Bajo la icónica estatua de Simón Bolívar en la céntrica Avenida da Liberdade, decenas de personas se reunieron este lunes para expresar su rechazo a la reciente agresión militar de Estados Unidos en Venezuela y al secuestro del presidente Nicolás Maduro. La concentración se convirtió en un espacio de denuncia contra lo que los manifestantes consideran una agresión a la soberanía de un Estado independiente.

La protesta estuvo integrada principalmente por ciudadanos portugueses que portaban carteles con imágenes de Maduro y banderas venezolanas y cubanas, mientras coreaban consignas como «Venezuela no se rinde, la soberanía no se vende» y «Venezuela soberana y bolivariana». Los asistentes dejaron claro su apoyo a la autodeterminación del pueblo venezolano y su repudio a la intervención extranjera.
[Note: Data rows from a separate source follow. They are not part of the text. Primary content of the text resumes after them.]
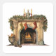 Stickers avec une illustration chaleureuse et cosy avec une cheminée à l'ancienne. Embrassage suspendu avec soin. Garland suspendu au-dessus du manteau. Un feu chaud rugissant dans le foyer.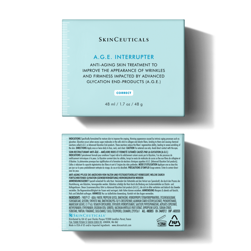 A.G.E. Interrupter es una crema antiedad formulada para combatir los signos del envejecimiento intrínseco asociados a la glicación: pérdida de firmeza, arrugas profundas, piel frágil y falta de elasticidad. Refuerza la barrera cutánea, mejora la densidad y aporta una textura más uniforme.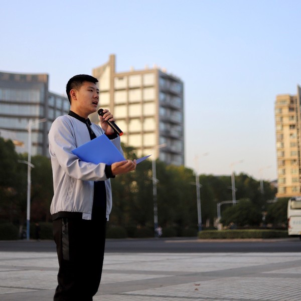 随后,2019级本科生团总支副书记马子扬进行了以“立鸿鹄志,做追梦人”为主题国旗下演讲。他回顾了入学以来自己的所见所感,运用自己对“不忘初心”的理解和习近平总书记在北京大学对青年的寄语,将青春与梦想作了完美的结合与诠释,并引用“我们都在奔跑,我们都是追梦人”的赠语与同学们共勉,号召同学们凝心聚力,坚定理想,用实际行动把握青春。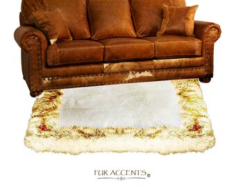 0 | A brown leather couch with a matching brown leather ottoman is displayed on a white rug with a brown and beige pattern. The couch has a tufted backrest with rolled arms and wooden legs. The ottoman has a tufted top and wooden legs. The rug has a fringe along its edges. | Barna és bézs mintázatú fehér szőnyegen egy barna bőrkanapé és hozzáillő barna bőr oszmán látható. A kanapé bojtos háttámlája gördített karokkal és fa lábakkal rendelkezik. Az oszmán bojtos tetejű és fa lábakkal rendelkezik. A szőnyeg szélein rojtok vannak. | |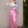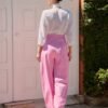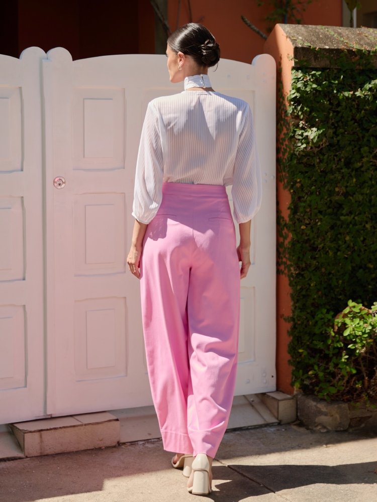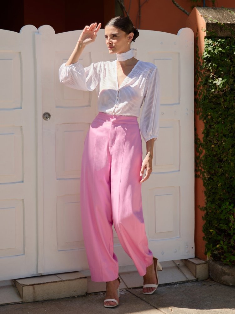 Com design contemporâneo e modelagem balloon, esta calça une estilo e conforto em perfeita harmonia. Os recortes estruturados valorizam a peça, enquanto a abertura frontal com fechamento interno garante um acabamento limpo e sofisticado. A mistura de algodão, viscose e elastano proporciona leveza e flexibilidade ao vestir.

Diversas organizaciones convocaron la movilización, entre ellas el Consejo Portugués para la Paz y la Cooperación (CPPC), con el objetivo de exigir el cese inmediato de las amenazas de Washington y reclamar que el Gobierno portugués y la comunidad internacional condenen formalmente estas acciones. Isabel Camarinha, presidenta del CPPC, advirtió que el silencio de las autoridades lusas frente a este hecho representa «una violación de los principios de la Constitución de Portugal, la cual establece que las relaciones exteriores deben fundamentarse en el respeto a la autodeterminación y la libre elección del destino de los pueblos».
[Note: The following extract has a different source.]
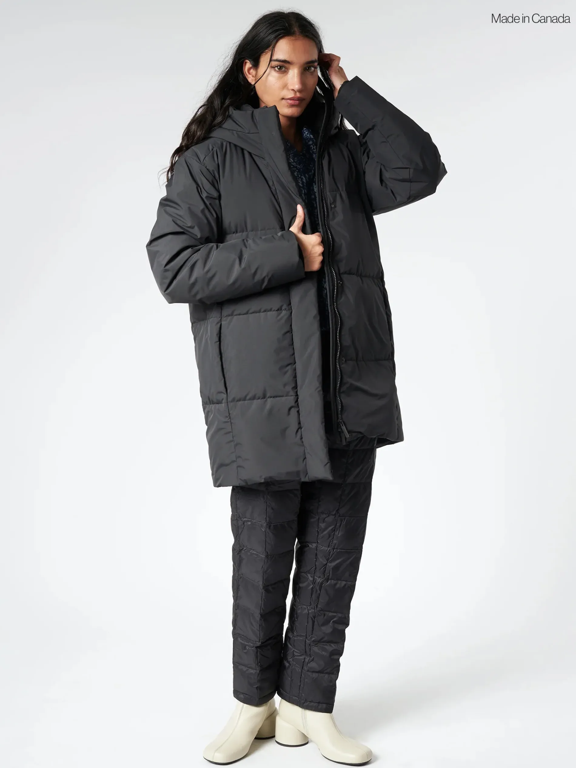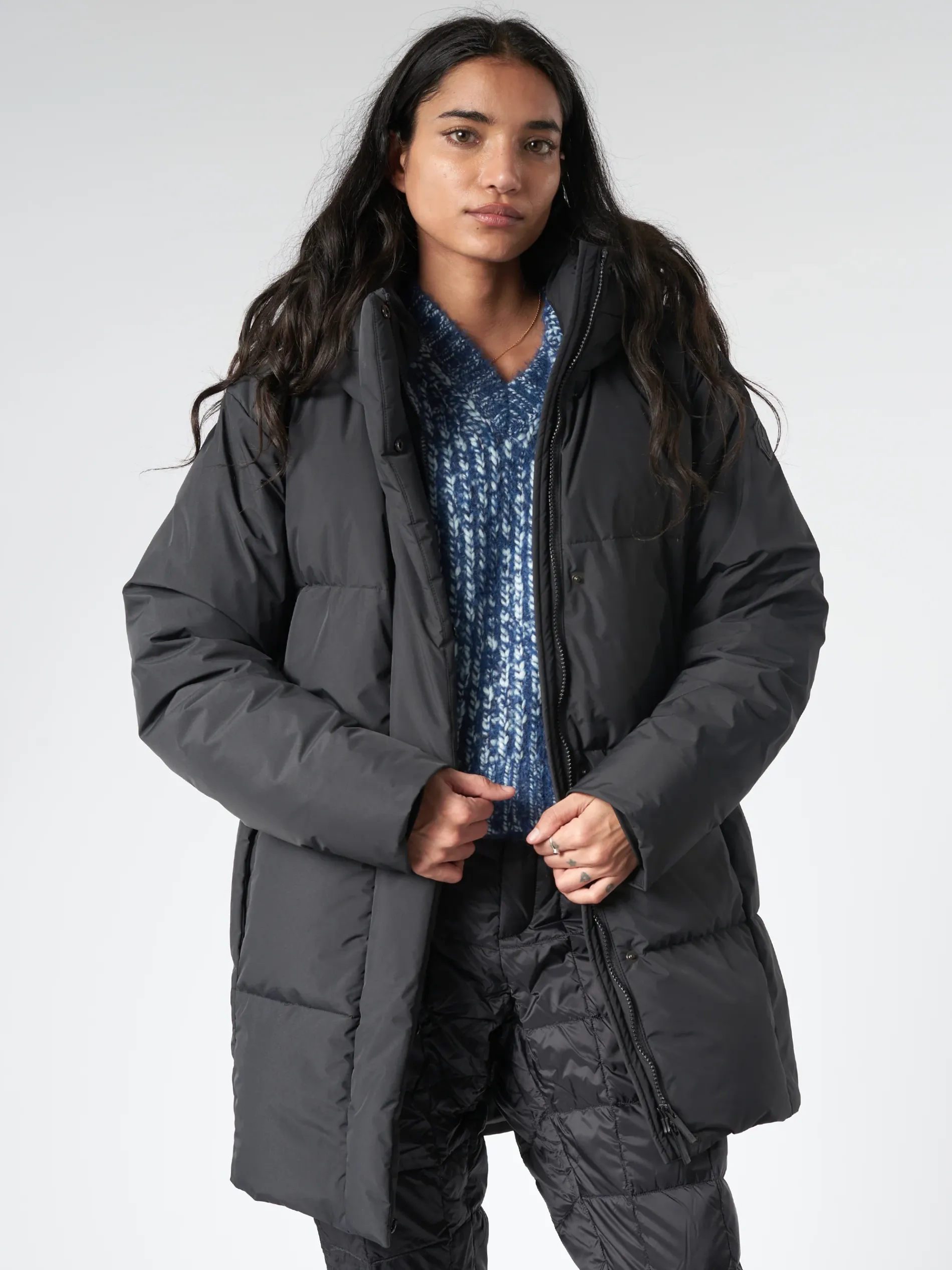 June is a midweight jacket with a modern look. Made from breathable, waterproof super matte fabric and insulated with ethically sourced down, this style is designed to deliver warmth in moderately cold climates.

Camarinha también aseguró que detrás de la operación militar se esconden intereses económicos relacionados con el control del petróleo y otros recursos naturales de Venezuela y la región. La dirigente advirtió que la amenaza, personificada por la administración de Donald Trump, se ha materializado en Venezuela, pero constituye un peligro latente para otros países de América Latina y el Caribe.

La jornada culminó con un llamado a la solidaridad internacional para frenar cualquier escalada bélica y garantizar el respeto al derecho internacional. Los manifestantes coincidieron en que la cooperación global y la condena de estas acciones son fundamentales para proteger la paz y la soberanía de los pueblos.